Managing Risk in Financial Institutions
Risk factor is very critical factors while dealing with finance. The assistance of issuance of new securities e.g., the sale of new Treasury securities or new corporate stock or facilitation of trading of existing securities e.g., the sale of existing stock etc. involve factor of risk. We are not self-assured either the securities traded in secondary markets are liquid or not.
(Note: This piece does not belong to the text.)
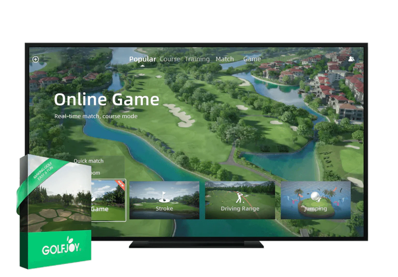 The GolfJoy Software brings all GolfJoy launch monitors and simulators to life. Play on more than 140 virtual courses in up to 4K image quality, practice on the driving range, analyze your data in real-time, and challenge golfers worldwide through online multiplayer. Available in three packages: Basic, ProTour, and Major.

Focusing on risk management in the financial institution is very essential.

Achievement of Growth
Developed financial systems allow economies to reach their potential since they allow companies which have successfully recognized profitable opportunities to exploit these opportunities as intermediaries by channeling investment funds from those in the economy who are prepared to defer their consumption plans into the future. Achievement of development in country becomes easy with introduction of financial institutions. Different steps of financial development require adequate institutional procedures to be in place.

Financial Innovation
Development of Financial Institutions helps in concentrating on the improvements in technology and its influence on how financial products are delivered. Funds are transferred straight from ultimate savers to ultimate borrowers. With reduction of trust deficit financial innovation is possible on improved grounds. We know the stream of short-term funds is facilitated by money markets and the flow of long-term funds is facilitated by capital markets. These activities also assist in financial innovations.

Tailor made schemes
With the help of different institutes several tailor made schemes for the improvement of economic sector of the country are available at door steps. Introduction of country wide schemes cannot give projected growth. As discussed previous RAAS Financing Scheme, Green tractor scheme, Express loan, Yellow Cap Scheme etc. showed extensive results for the improvement of growth in the country.